__Goal of the exercise__.
Repeat only these lines, exactly: the first line of the data, the line containing "さいたま市見沼区東大宮5丁目 東大宮葉山ビル 詳細データ", and every line between them. Pictures stay out.

Stored data
====

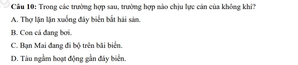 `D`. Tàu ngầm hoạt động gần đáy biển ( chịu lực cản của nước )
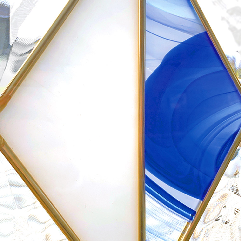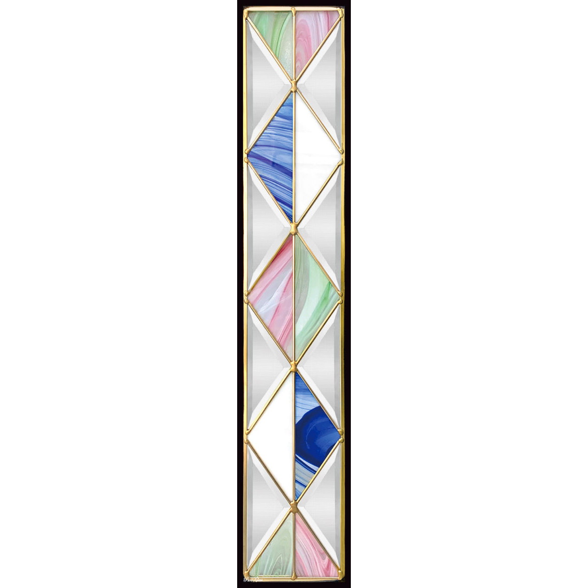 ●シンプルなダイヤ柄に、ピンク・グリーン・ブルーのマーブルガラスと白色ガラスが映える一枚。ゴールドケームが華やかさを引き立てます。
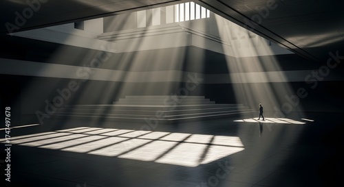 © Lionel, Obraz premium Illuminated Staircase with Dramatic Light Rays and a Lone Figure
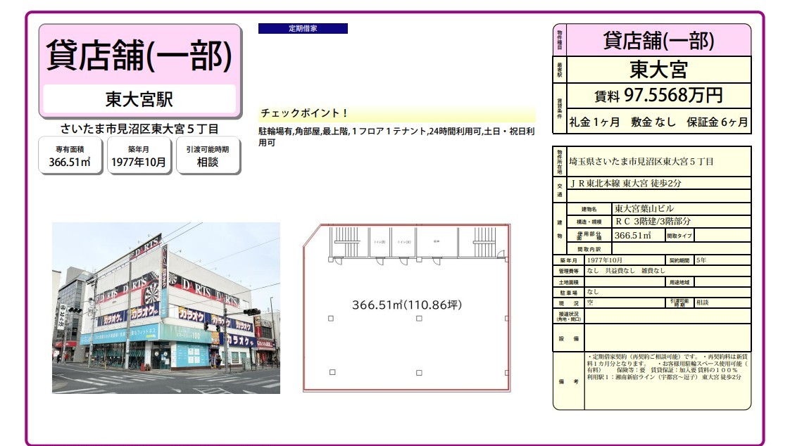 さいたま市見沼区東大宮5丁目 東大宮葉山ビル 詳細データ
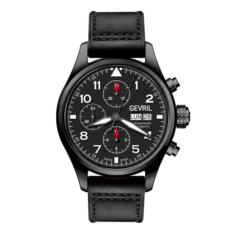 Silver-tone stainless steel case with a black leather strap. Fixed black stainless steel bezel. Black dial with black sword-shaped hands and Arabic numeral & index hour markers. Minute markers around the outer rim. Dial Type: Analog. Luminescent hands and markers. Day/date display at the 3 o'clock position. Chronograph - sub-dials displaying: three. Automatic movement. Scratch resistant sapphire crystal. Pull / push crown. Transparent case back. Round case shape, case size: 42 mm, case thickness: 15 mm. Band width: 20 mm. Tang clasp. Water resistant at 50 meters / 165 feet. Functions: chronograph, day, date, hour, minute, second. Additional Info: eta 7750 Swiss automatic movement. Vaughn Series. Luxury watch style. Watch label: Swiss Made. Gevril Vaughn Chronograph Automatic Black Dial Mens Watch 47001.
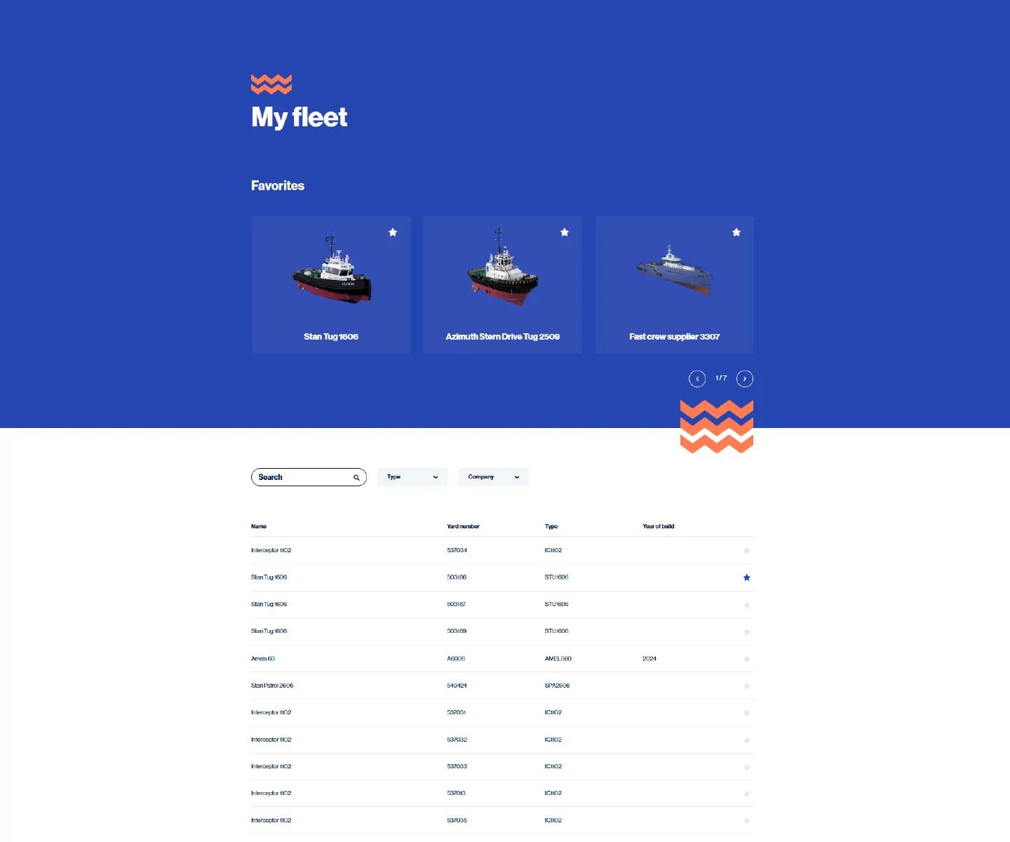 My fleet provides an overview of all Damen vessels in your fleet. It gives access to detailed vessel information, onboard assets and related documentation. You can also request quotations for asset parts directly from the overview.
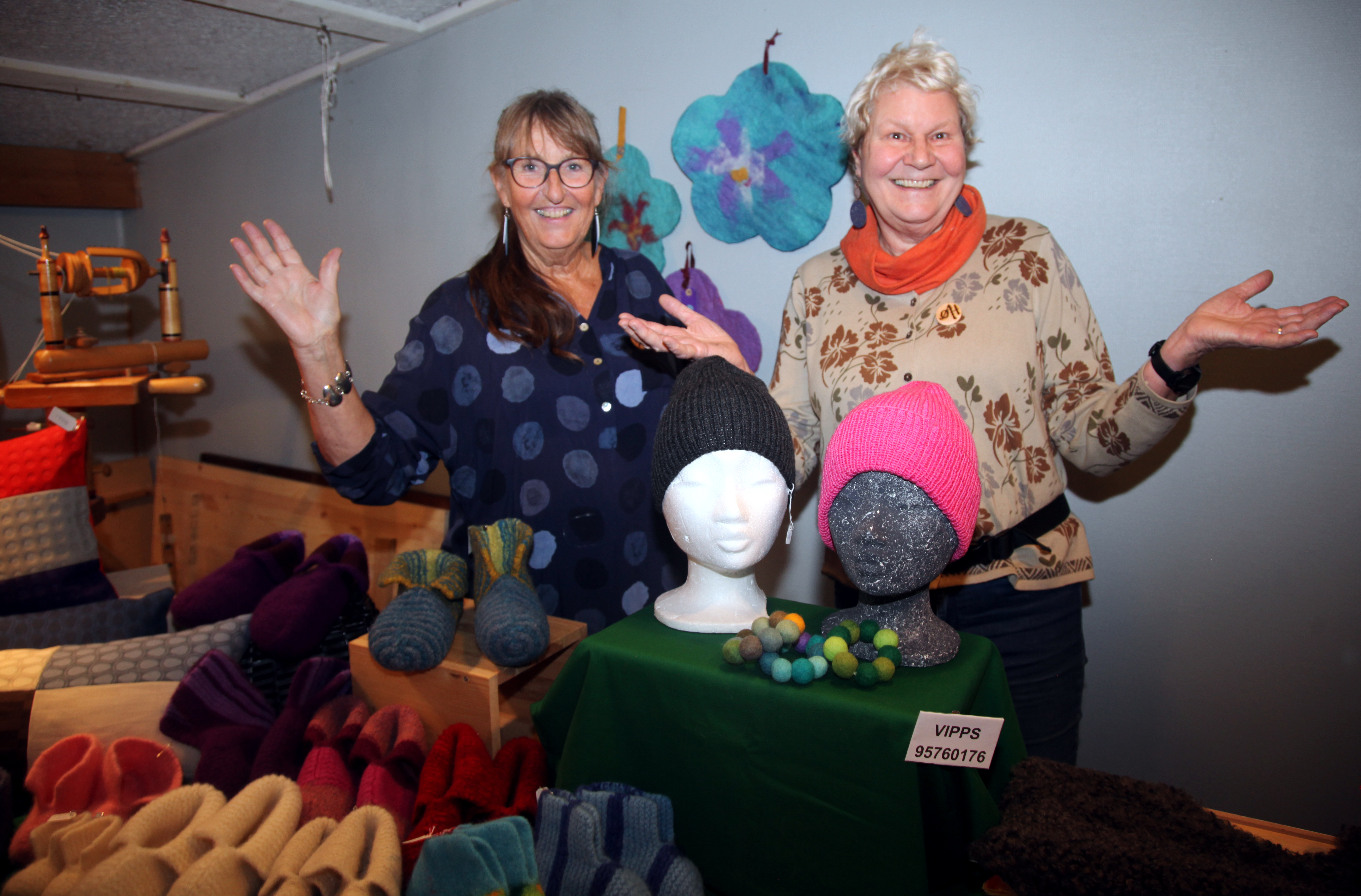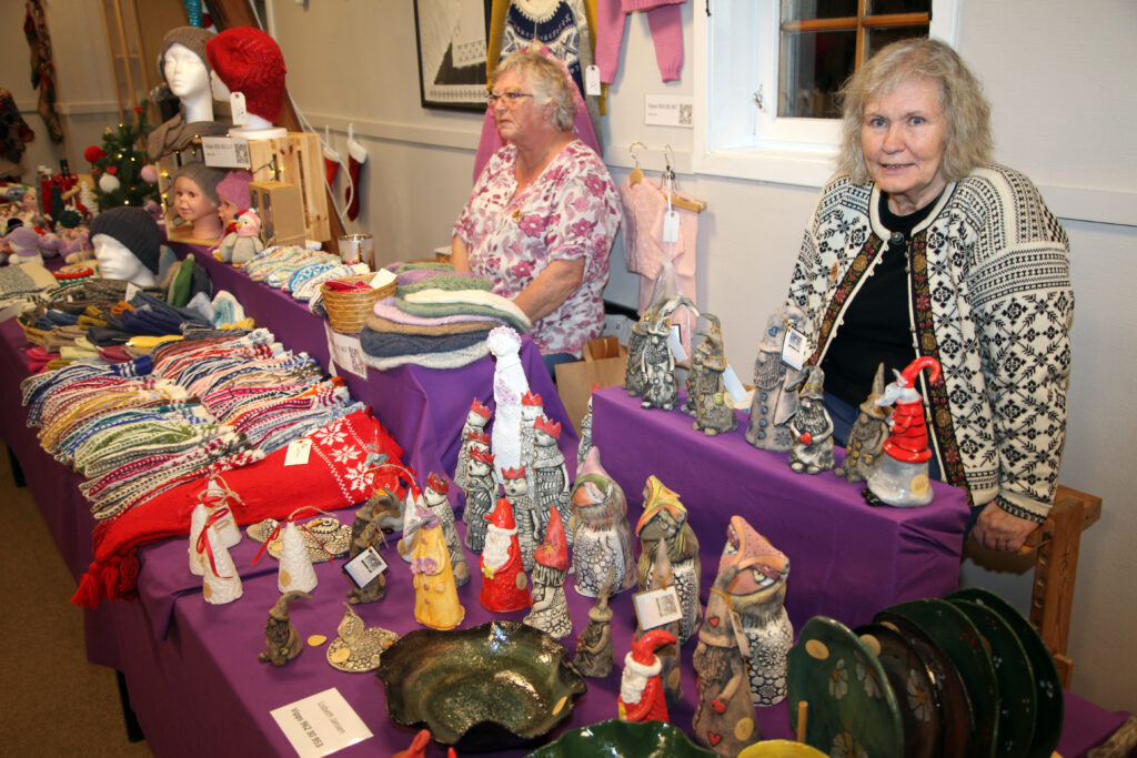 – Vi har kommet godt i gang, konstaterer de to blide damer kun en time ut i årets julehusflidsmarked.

====

__Response to this task__.
 `D`. Tàu ngầm hoạt động gần đáy biển ( chịu lực cản của nước )
 ●シンプルなダイヤ柄に、ピンク・グリーン・ブルーのマーブルガラスと白色ガラスが映える一枚。ゴールドケームが華やかさを引き立てます。
 © Lionel, Obraz premium Illuminated Staircase with Dramatic Light Rays and a Lone Figure
 さいたま市見沼区東大宮5丁目 東大宮葉山ビル 詳細データ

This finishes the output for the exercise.